La plaza del paraíso
Sociedad
Irak debería estar mejor sin Sadam Huseín, efectivamente. Y ese es el problema: que no es así
09 Jul 2016. Actualizado a las 05:00 h.
Cuando las primeras tropas norteamericanas llegaron al centro de Bagdad, aquel abril del 2003, Kadhim Shafif Hasan al-Jabouri fue uno de los primeros bagdadíes que se dirigieron a la plaza Firdos para destruir la estatua de Sadam Huseín que se alzaba allí. Los soldados les habían invitado a esa ceremonia simbólica pidiendo voluntarios por medio de megáfonos, y Kadhim, que era mecánico de motocicletas, se fue allá con un martillo pilón que tenía en el taller. Aparece en todas las fotos, golpeando inútilmente al dictador gigante de piedra. Es una escena épica y torpe a la vez, porque la enorme cara de Sadam parece que se burla de los esfuerzos de Kadhim con su sonrisa sardónica -la que él lucía casi siempre-.
Lo que sucedió a partir de aquí se puede ver retrospectivamente como una rápida secuencia de premoniciones.
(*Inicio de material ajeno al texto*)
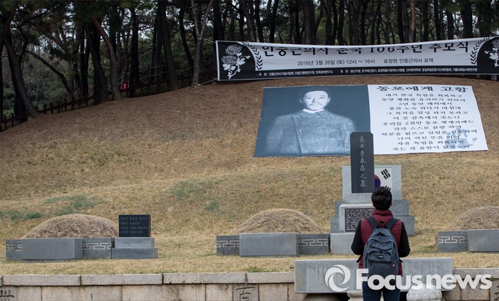 (서울=포커스뉴스) 안중근 의사 순국 106주기를 하루 앞둔 25일 오후 서울 용산구 효창공원 내 삼의사묘역에 마련된 안 의사 허묘 앞에서 한 시민이 현수막의 글귀를 읽고 있다.

Los civiles iraquíes no fueron capaces de coordinarse para derribar la estatua. Los marines, cuando se ofrecieron a ayudar, metieron la pata al colgar sobre la cara del dictador una bandera norteamericana, lo que provocó un tenso silencio en la plaza. Al final, la estatua cayó arrastrada por un vehículo blindado, con estruendo pero sin solemnidad. Como Irak.
Dos meses después, todavía había algo de confianza en el futuro cuando se inauguró una nueva escultura en la plaza Firdos -cuyo nombre significa «la plaza del paraíso»-. El monumento pretendía celebrar la unidad de Irak y era obra de un artista llamado Bassem Hamad al-Dawiri. Pero cuatro años después, al-Dawiri había muerto y otros cuatro años más tarde su monumento había sido demolido también, mientras el país se desgajaba y se desangraba en una guerra civil interminable.
Esta semana, Tony Blair, uno de los artífices de aquella invasión de Irak del 2003, compareció ante la prensa para defenderse de las críticas. Lo hizo con una voz quebrada, sacudido por la emoción. Pero esa emoción no era la del arrepentimiento, sino la del orgullo herido: sigue creyendo que lo que hizo estuvo bien y que «volvería a hacerlo». «Irak está mejor sin Sadam Huseín» volvió a repetir, como tantas veces.
Irak debería estar mejor sin Sadam Huseín, efectivamente. Y ese es el problema: que no es así. Y esa aberración, esa perversión de lo justo, es el tuétano de la culpa de Blair.
Por eso me interesó más otra entrevista que se difundió el mismo día. En ella hablaba Kadhim Shafif Hasan al-Jabouri, aquel mecánico de bicicletas que, hace trece años, había intentado destruir la estatua de Sadam en la plaza Firdos. Un periodista le ha localizado en el exilio, en Beirut, donde vive ahora, como muchos otros refugiados iraquíes.
Kadhim se explicó mejor esta vez. Su relación con el régimen de Sadam Huseín, como la de tantos iraquíes, era más ambigua de lo que hubiese querido reconocer. El dictador había hecho matar a más de una docena de sus familiares, pero por otra parte él había ganado dinero reparando la colección de motocicletas de Sadam. Luego había caído en desgracia, por razones que Kadhim prefería no aclarar, y se había pasado un año y medio en la cárcel. Por eso había querido destrozar la estatua. Pero ahora se arrepentía. «Todo ha ido a peor año tras año: corrupción, matanzas, saqueos. Sadam ya no está», dice Kadhim, «pero ahora hay mil como él en su lugar». Y añadía algo todavía más duro de escuchar en boca de un iraquí: «Cuando pasaba junto al lugar donde estaba la estatua, sentía vergüenza. Me preguntaba por qué lo había hecho. Me gustaría hacer otra igual y volver a ponerla ahí».